Custom collector written in Python 3 that can run any external script/command and export the output as prometheus metrics. The scripts are run at the desired interval by the scheduler, like a cron job.
For this to run, it needs one or more *.json
files with the following format:
{
"global_labels": {
"dc": "TM01",
"room": "SCA",
"stage": "Production"
},
"scripts": [
{"script": "scripts/mc4_check.py", "interval": "60", "metric": "mc4_status",
"params": ["prd-10017-mc4", "svc", 8084], "HELP": "Check MConnect4 Application", "TYPE": "gauge",
"labels": {"project": "10017 - DTAG PROD"}},
{"script": "scripts/dps_check.py", "interval": "120", "metric": "dps_status",
"params": ["prd-10043-dps", "tbox", 16080], "HELP": "Check DPS Application", "TYPE": "gauge",
"labels": {"project": "10043 - DPS PROD"}}
]
}
In this file, we define each external script/command that needs to be run as an item with a couple of parameters: the script name (keep in mind that it should have execute permissions), the interval at which it will be run by the scheduler (in seconds), the desired prometheus metric name, the parameters that need to be passed to the script (if any) and finally the prometheus specific details, HELP and metric TYPE.
interval
, TYPE
, HELP
can be omited, they have default values (interval
- 600 seconds, TYPE
- gauge and a generic HELP
message. Also, the params
section can be omitted altogether if the script takes no parameters.

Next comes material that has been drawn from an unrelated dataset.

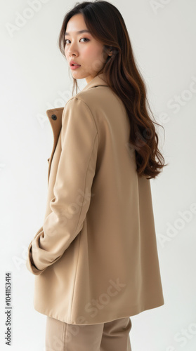 Neutral Fall Fashion Model Portrait in Stylish Outfit for Women – Elegant Coat, Jacket, and Layered Look for Autumn Fashion Photography

If we have the same label both in the main global_labels
section and in a script
section, the global one will be overwritten.
The scripts can either be run as-is, the collector captures their output and if integer or float it will just expose the metric with the desired labels added (global ones are applied for all the scripts in the file). iIn this case, one more label named component
with value main
will be added by default. For better usability the scripts to be run can be modified to output JSON data instead of a simple value. This is useful in case the script can return more than one value in a single run (for ex. one end-point that returns the status for multiple components in one shot). Example JSON output below:
{'health': 200, 'DB': 1, 'Cassandra': 0, 'HSM': 1}
In this case, 4 new timeseries will be created with the desired metric name but with the label component
holding the value of the component. Example:
test_status{component="health",...}
(there will be more labels added, defined in the global_labels section and in each script section).
Both global_labels
and labels
sections can be omitted if not needed. In fact, the module can start with a config file as simple as {"scripts": []}
(in this case, no script/command will run).